Já era madrugada quando abri meus olhos, estava muito escuro não enxergava nada, mas podia sentir algo gelado em minhas mãos que escorria pelos dedos pingando ao chão. O susto de acordar sentindo algo e não saber o que é me deixou sem movimento algum dos pés a cabeça, mal conseguia piscar. Tentava fazer a minha cabeça pensar que era apenas um sonho maluco e quando acordasse não saberia explicar ou entender. O silencia se fazia tão presente no quarto que conseguia ouvir como se fossem gotas caindo ao chão. Foi alguns minutos sentindo a mesma coisa até tomar coragem, levantar da cama e ascender à luz do quarto. O que vi parecia cena de terror ou uma pegadinha sem graça e de muito mau gosto. O que escorria da minha mão era sangue, ou pelo menos parecia, o quarto estava com pegadas para todo lado, a cama ficou tingida de vermelho formando uma poça de sangue que escorreu pela minha mão que estava suspensa ao lado que dormia.
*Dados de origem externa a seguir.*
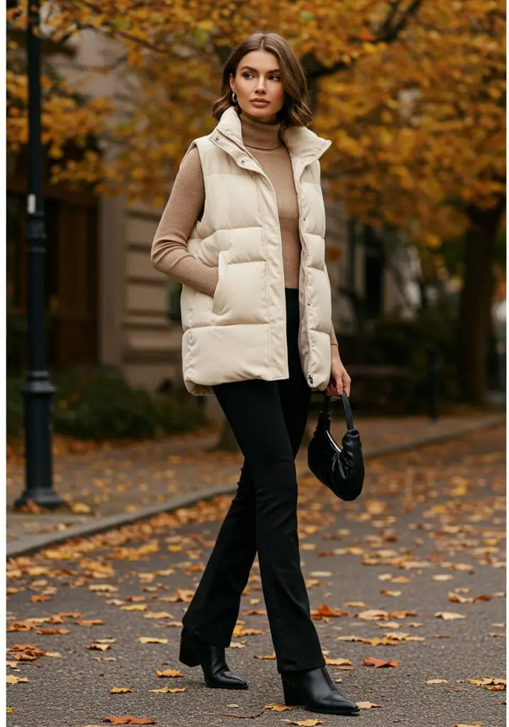 Perfect for colder days, a cream puffer vest over a fitted long-sleeve top pairs beautifully with black flare leggings. Add ankle boots and a crossbody bag for a warm, sleek finish.
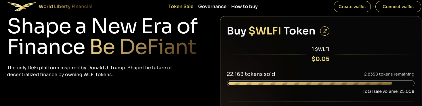 尽管初期遭遇 FUD,也未阻挡 WLFI 项目发展的脚步。1 月 20 日,WLFI 宣布已成功通过公募出售了 20% 的$WLFI 代币,即 200 亿枚,按 0.05 美元的公募价格,共赚取 10 亿美元,该公募轮从 2024 年 10 月 15 日开始至结束,历时约 3 个月。WLFI 在完成原定 20% 的代币销售目标后,由于市场需求旺盛,同时又宣布额外开启了 5% 的代币销售,截止目前,共销售出 21.6 亿枚$WLFI 代币。
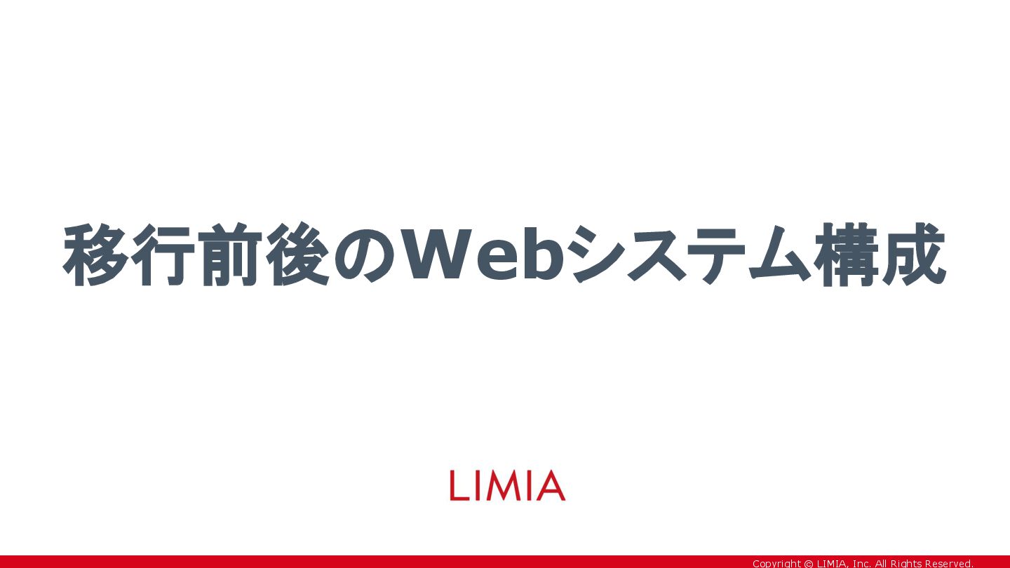 Copyright © LIMIA, Inc. All Rights Reserved. 移行前後のWebシステム構成

Torcia para que muitas pessoas surgissem do nada falando que era apenas uma brincadeira, mas foi exatamente o que não aconteceu. Depois de passar minutos paralisado tentando saber o que tinha acontecido fui até o banheiro tirei a roupa para saber de onde todo aquele sangue vinha e para saber se me cortei ou tinha alguma ferida pelo corpo. Entrei no chuveiro, tomei banho demorado com a certeza de que todo aquele sangue não era meu. Se não é, então de quem é o sangue por todo o quarto?
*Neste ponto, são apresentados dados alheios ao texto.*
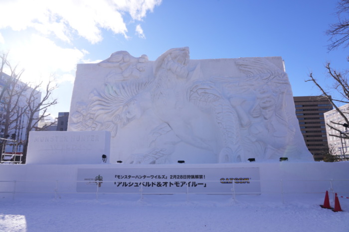モンスタハンターシリーズ最新作『モンスターハンターワイルズ』の雪像です。
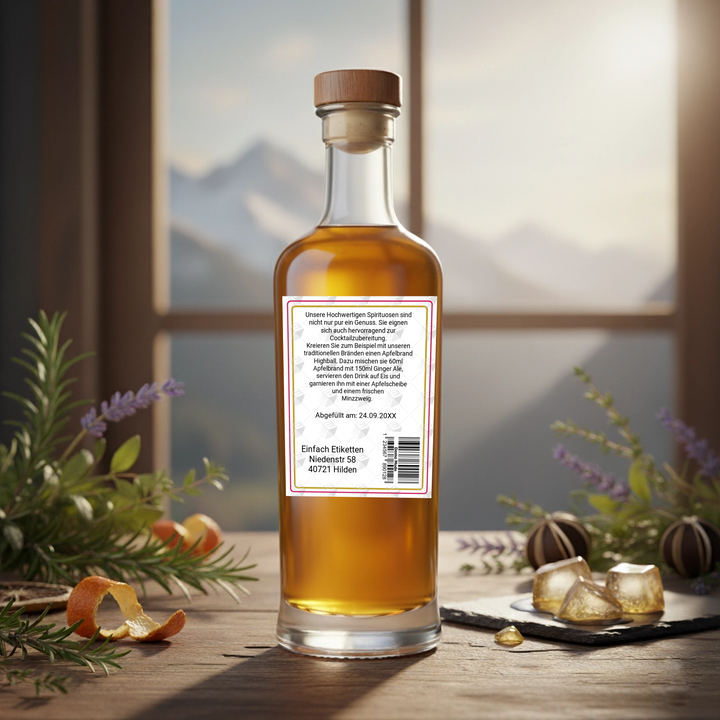 Mach deine Flaschen zum Star der Show mit unserem "Splash" Rückseiten Etikett! Dieses knallige Design passt sich mühelos an verschiedenste Flaschenformen an und verleiht deinen Spirituosen sofort Persönlichkeit. Mit diesem Label setzt du ein echtes Zeichen – professionell, flexibel und garantiert nicht zu übersehen. Deine Marke verdient einen großen Auftritt!
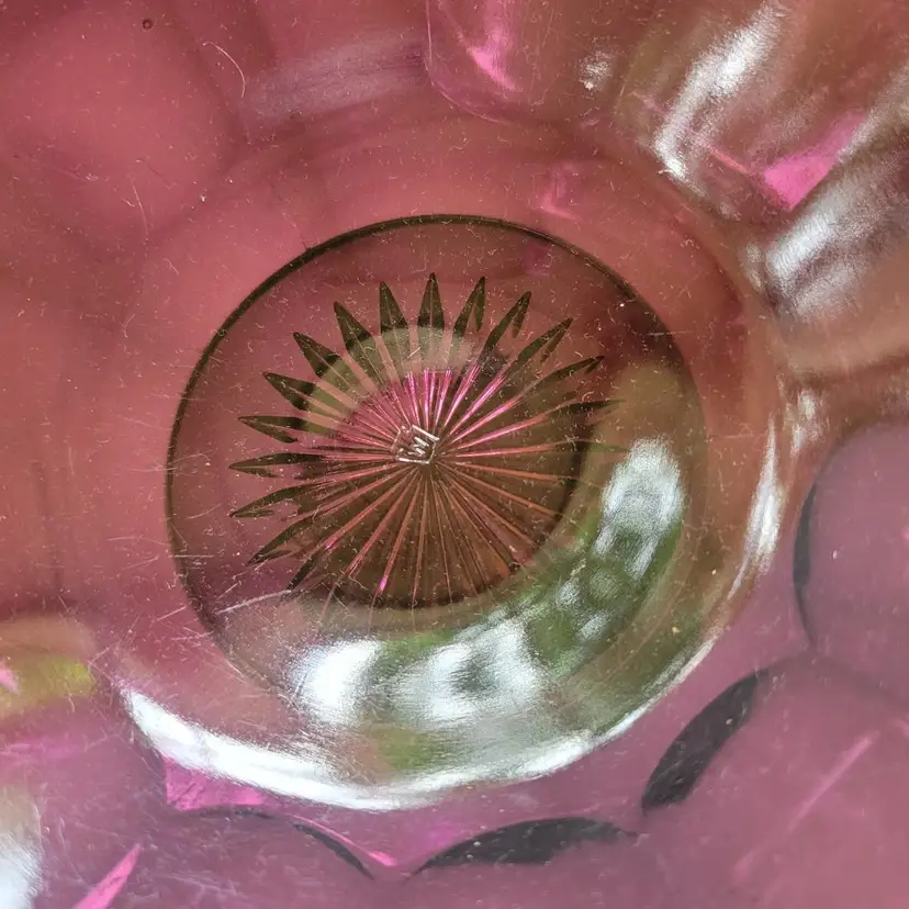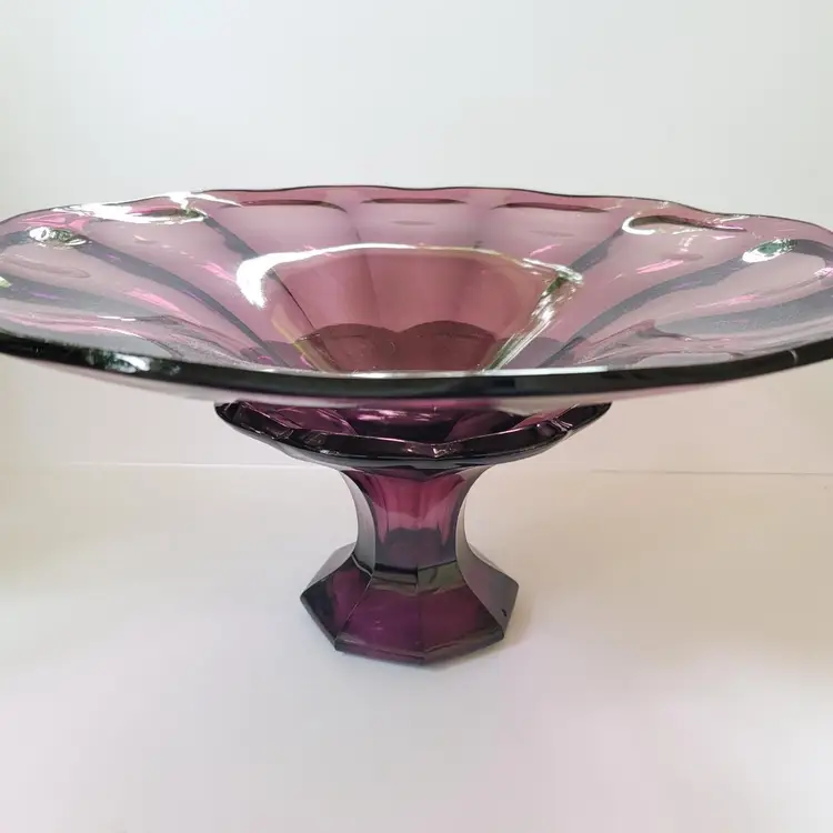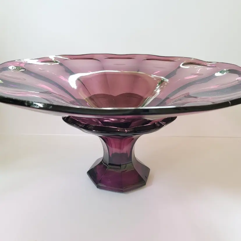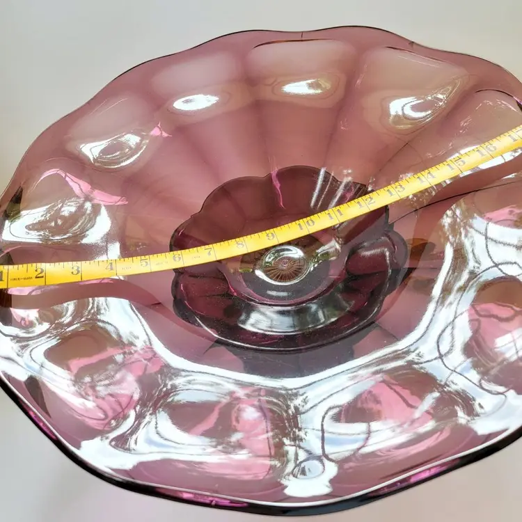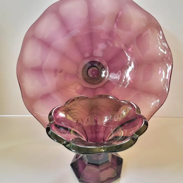 This is a RARE and extremely difficult item to find! This antique (1910-1929) Westmoreland amethyst glass console is MASSIVE! A huge 18" diameter This a 2 piece set Total height = 9" NOTE there are 2 stress marks as pictured (most likely from manufacturing). This is a TRUE statement piece!

Saí do banho e corri para limpar toda aquela sujeira, esfreguei o chão com água sanitária para tirar cada centímetro sujo de sangue e para não deixar nenhum vestígio de DNA. Todos os tecidos que estavam com sangue, roupas de cama, minhas roupas, cortinas, tapete coloquei em saco plástico, peguei o carro, dirigi por alguns minutos e andei por mais outros até chegar no Parque Lago Azul, um lugar retirado de difícil acesso, e claro, sem câmera alguma. Queimei tudo que estava no saco, peguei as cinzas misturei com água e joguei no lago. Caminhei em cada canto do Parque para ter a certeza de que ninguém me viu e caso tenha visto estava com roupa que costumo correr, com capuz, fones de ouvido simulando uma corrida e o carro estava longe, muito bem escondido.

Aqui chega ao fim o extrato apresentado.